Yeast mating in an aerated liquid culture9 depends critically on an intercellular PPI that drives agglutination between MATa and MATα haploid cells10. The MATa sexual agglutinin subunit, Aga2, and the MATα cognate, Sag1, interact with a KD of 2 to 5 nM and initiate the irreversible binding of two haploid cells and subsequent cellular fusion to create a single diploid cell11. Cellular agglutination and mating is highly efficient, occurs in a matter of hours, and each mating event forms a stable and propagating diploid strain12.

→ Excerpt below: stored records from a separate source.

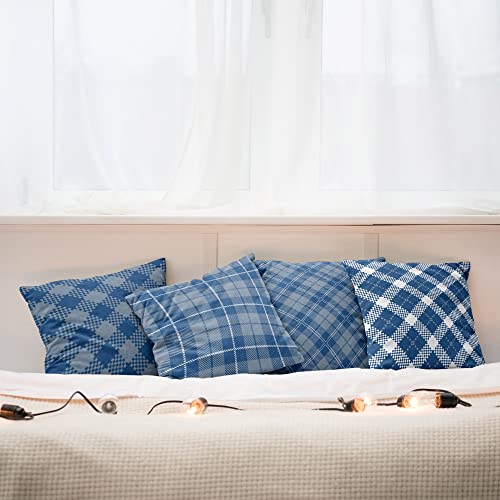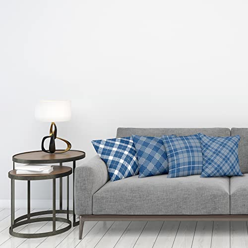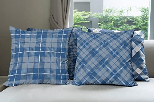 ABAKUHAUS Kariert Dekokissen Kissenbezug 4er Pack, Kariertes Schottisches Tartan Modern Accent Doppelseitiger Digitaldruck, 40 cm x 40 cm, Blau Grau Nachtblau
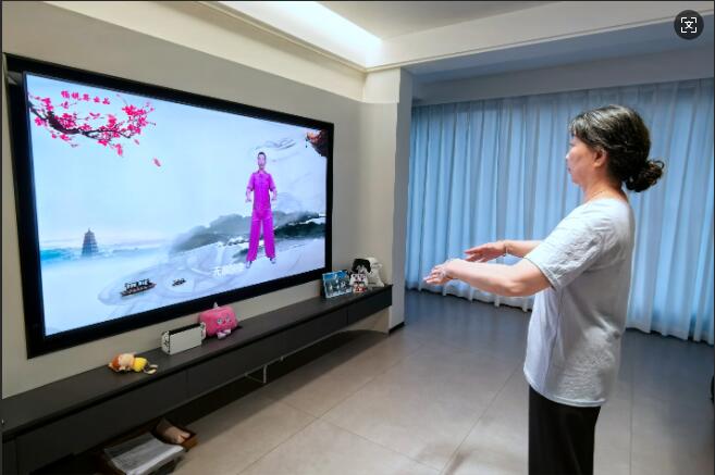 而在鹽城,移動(dòng)高清電視則讓傳統(tǒng)養(yǎng)生保健煥發(fā)出新生。陳奶奶一聲“跳廣場(chǎng)舞”,虛擬管家“靈犀”便出現(xiàn)在屏幕上,同步啟動(dòng)AI健身模式,手機(jī)攝像頭與電視聯(lián)動(dòng),實(shí)時(shí)捕捉她的動(dòng)作,顯示姿勢(shì)是否正確。不多時(shí),陳爺爺也來(lái)到了客廳,隨著一句“繼續(xù)播放楊氏太極”,電視秒切換,老兩口開(kāi)始跟著電視畫(huà)面一起練習(xí)。
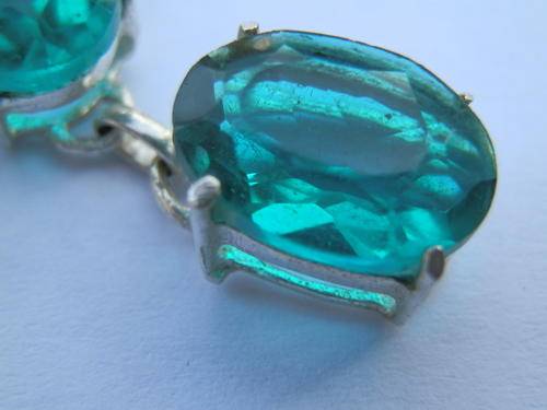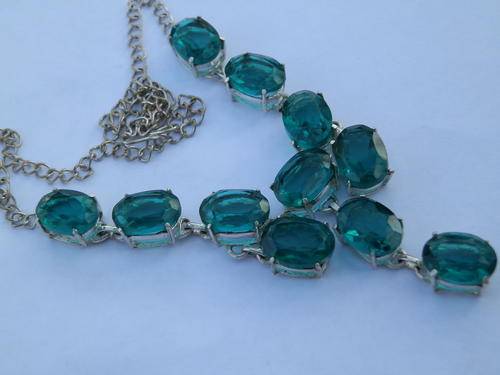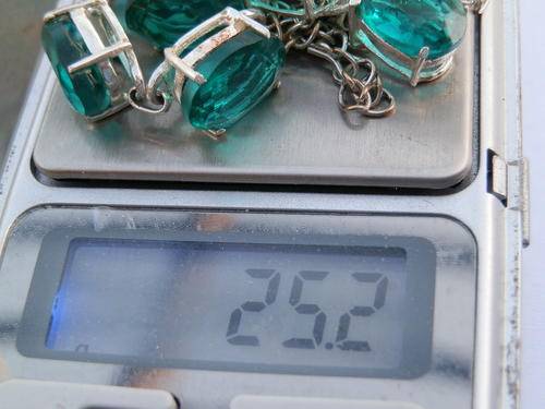 Stunning sterling silver plated Paraiba green quartz necklace, length 45 cm, size of stones 9 x 14 mm and the weight 25.2 g.
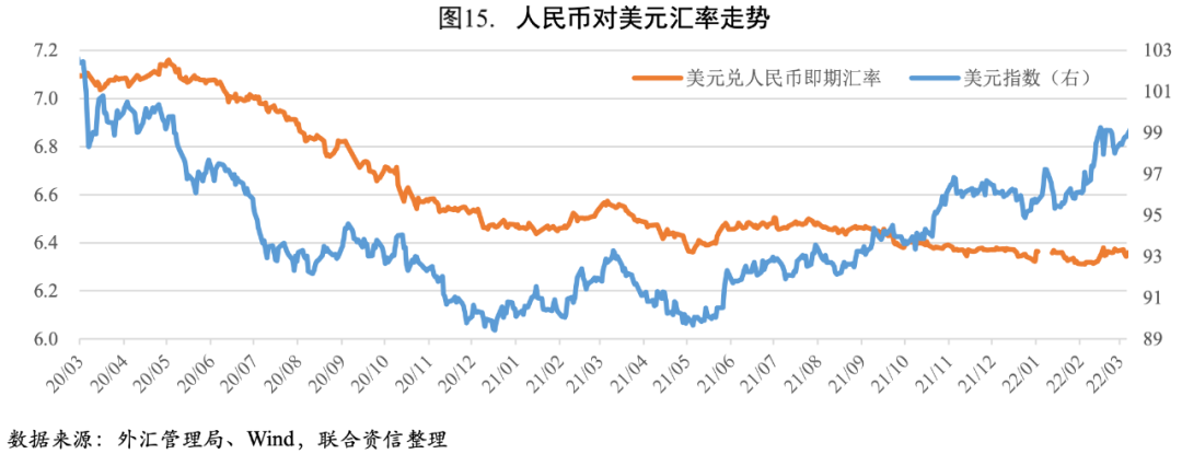 匯率方面,2022年一季度人民幣對美元即期匯率呈“先升后貶”態勢。1-2月,人民幣對美元即期匯率延續去年四季度以來的升值趨勢,主要受益于三方面因素:一是在穩增長政策支持下中國經濟持續穩定恢復,出口繼續保持韌性;二是歐洲央行與英國央行釋放鷹派信號,在一定程度上抑制了美元指數上行;三是俄烏沖突爆發后人民幣表現出一定的避險屬性。進入3月,人民幣對美元即期匯率呈現震蕩貶值態勢,主要是由于三方面原因:一是3月初國內爆發新一輪大規模疫情,對經濟運行造成嚴重沖擊;二是中美貨幣政策加速分化,導致中美利差持續收窄;三是3月11日美國證監會問責五家中概股公司,導致外資快速流出。

Here, we reprogram yeast mating by replacing the native sexual agglutination interaction proteins, Aga2 and Sag1, with arbitrary engineered or natural binding pairs that act as synthetic adhesion proteins (SAPs). We first show that interaction strength between one MATa SAP and one MATα SAP can be quantitatively assessed by co-culturing the two haploid strains and measuring their mating efficiency with a flow cytometry assay. We then extend the assay for one-pot, library-on-library characterization by barcoding SAP cassettes, co-culturing many MATa and MATα strains, and using NGS to count interaction frequencies for all possible a-α SAP interactions. Finally, we demonstrate that the binding environment can be systematically manipulated to probe PPI networks.
Results
Reprogramming Sexual Agglutination
In order to co-opt yeast mating to probe protein-protein interactions, we first genetically replaced native sexual agglutination with SAP interactions. To validate our approach, we used PPIs involving BCL2 homologues that were previously characterized with biolayer interferometry (BLI) 13,14. Six BCL2 homologues (Bcl-2, Bfl-1, Bcl-B, Bcl-w, Bcl-xL, and Mcl-1) were expressed on MATa cells. Seven natural and nine engineered binding proteins, representing a broad range of affinities for the BCL2 homologues, were expressed on MATa cells. Isogenic yeast strains were generated for each SAP by transformation with a fragment containing a SAP cassette and a mating type specific fluorescent reporter. Pairs of SAP-expressing haploid cells were co-cultured in non-selective liquid media for 17 hours to allow agglutination-dependent mating. Flow cytometry was performed to differentiate between mCherry expressing MATa haploids, mTurquoise expressing MATα haploids, and mated diploids that expressed both fluorescent markers (Fig. 1a). Diploid percent was used as a metric for mating efficiency to quantitatively characterize the interaction strength between a MATa SAP and a MATα SAP. A detection limit of 0.4% for the pairwise mating assay was determined by combining saturated MATa and MATα cultures and immediately performing flow cytometry on the mixed population without providing an opportunity for mating.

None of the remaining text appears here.